Перечитал сегодня мой рассказ «Жасмин». Первый опыт декоративного ковроткачества на тевтонском материале. Тот еще получился коврик. Как сюртук Чичикова — брусничного цвета с искрой. Кудряво написано. Поторопился я с его печатью в зеленых «Мостах». Не исправил несколько очевидных огрехов. Не все гнилые нитки выдернул. Прямые определения, повторы, авторские ухмылочки…
Засбоил. Потому что этот текст измотал меня своими поворотами-разворотами. Я ведь всегда везу в тачке — по совету Хэма — раз в десять больше того, что в текст попадает. Работаю дольше всего с невидимым, ненаписанным материалом. С безтекстом. Текста нет, а тяжесть есть. Вот и заносит на виражах. Высыпаются песок и камни. Приходится разгребать, убирать, пылесосить.

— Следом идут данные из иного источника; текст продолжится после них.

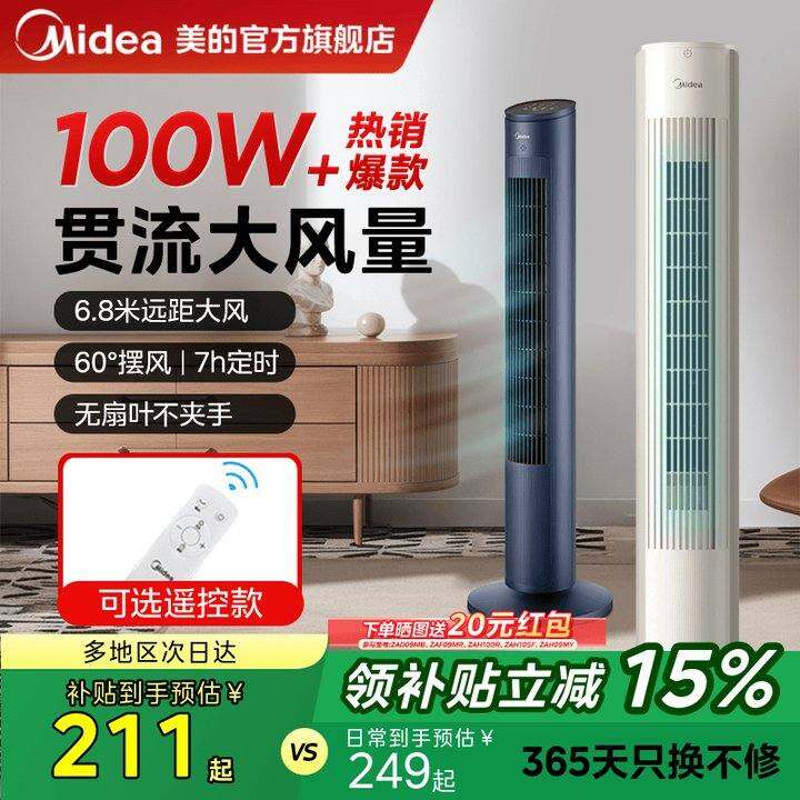 【国补15%】美的塔扇25升级款电风扇家用无叶风扇轻音塔式落地扇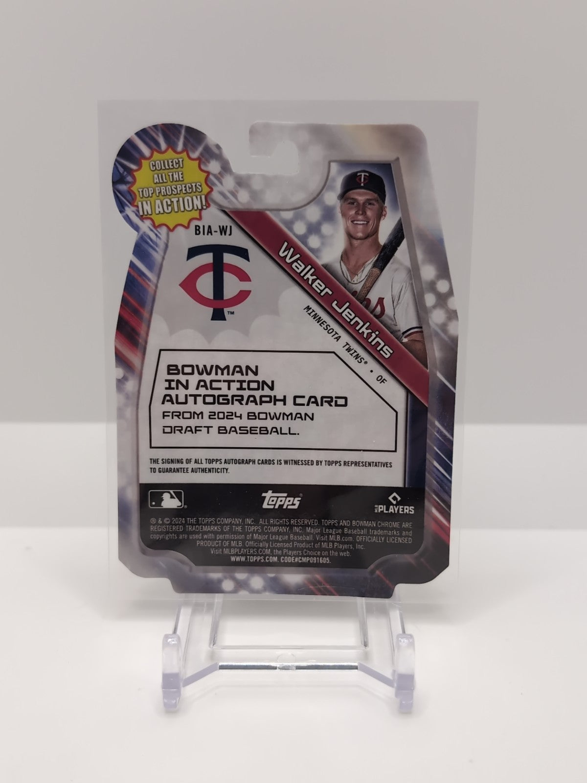 The product is a 2024 Bowman Chrome trading card featuring baseball player Walker Jenkins in his Bowman In Action Auto variation. This limited edition card has a print run of only 75 copies, making it a highly sought-after collectible among fans and collectors. Manufactured by Bowman, the card showcases Jenkins in action and is part of the 2024 Bowman set, making it a valuable addition to any sports trading card collection. Listed With Mascot.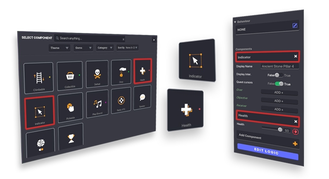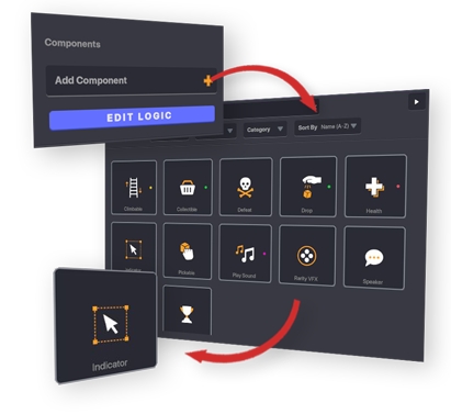 Edit Logic を開くことでIndicator のコンポーネントの中にオブジェクトの動きをより細かく設定するためのオプションが表示されていることがわかります。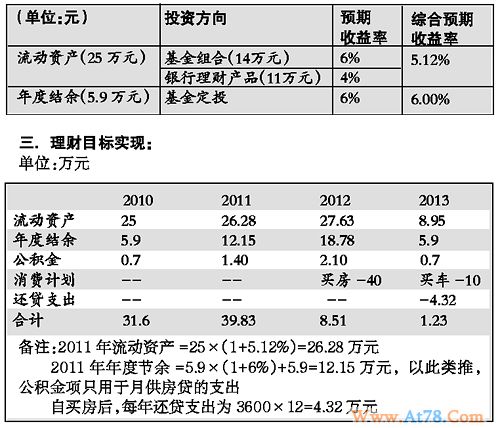 林先生,28岁,刚刚结婚。他本人是某大型企业的一名会计,年薪4.5万元,另外每年大约有7000元的公积金。太太27岁,是某百货公司的经理,年薪5万元,有社会与医疗保险。目前两人还是无房无车一族。两人共有银行存款11万元,基金14万元。两人希望先买房买车后再生孩子,请问该如何理财才能实现?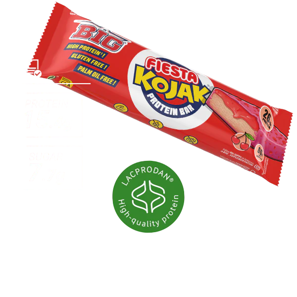 Descubre la nueva PROTEIN BAR FIESTA® KOJAK® fruto de una nueva colaboración de BIG® y FIESTA® y ¡disfruta ya de la barrita proteica mas sabrosa y divertida del mercado!, ahora disponible por tiempo limitado en sabor original caramelo Kojak® ¡imposible de describir si no la pruebas!

Странное чувство: Автор — это вовсе и не я. Не ты, а кто же?
Твой клон? Фантом? Мститель из подсознанки?
Астроном, конструктор точных приборов, точильщик призмочек и зеркалец, пожиратель спектров?
Нет, скорее азартный собиратель душистой травки чернухи. составитель душных как воротник у пальто холостяка гербариев, коллекционер морфем, этих золотых скарабеев, которые принято бросать в открытый рот читателя через глаза мертвый головы, ловец снов и другой нежной придури, щелкунчик арахисовых орешков — ассонансов и аллитераций. охотник за глазурованными сырками-големами, за лучащимися призраками свободы, за дикими псами-смыслами…
Черт его знает, кто, только не я.
Отражение в черной дыре.
А герои? Кто они? Выдуманные личности, фикшены? Или реальные люди-нон?
Поди, разбери! Мулаты-мутанты, незаконнорожденные половинки, скороспелки-самозванцы, восстающие на автора карбонарии. Сорняки на обочине пустыря, заросшего полынью.
Но их прихоти и капризы для меня — столпы и утверждения истины. Их бьют, а мне больно. Потому что они единственные заместители-заменители навсегда ушедших из моей жизни людей.
Депутаты парламента небытия, объявившего мне войну.
И автор — этот болтун-графоман — только мой заместитель. Заместил, заменил, освободил от ответственности. И строчит себе, забавляется, разводит турусы на огненных колесах.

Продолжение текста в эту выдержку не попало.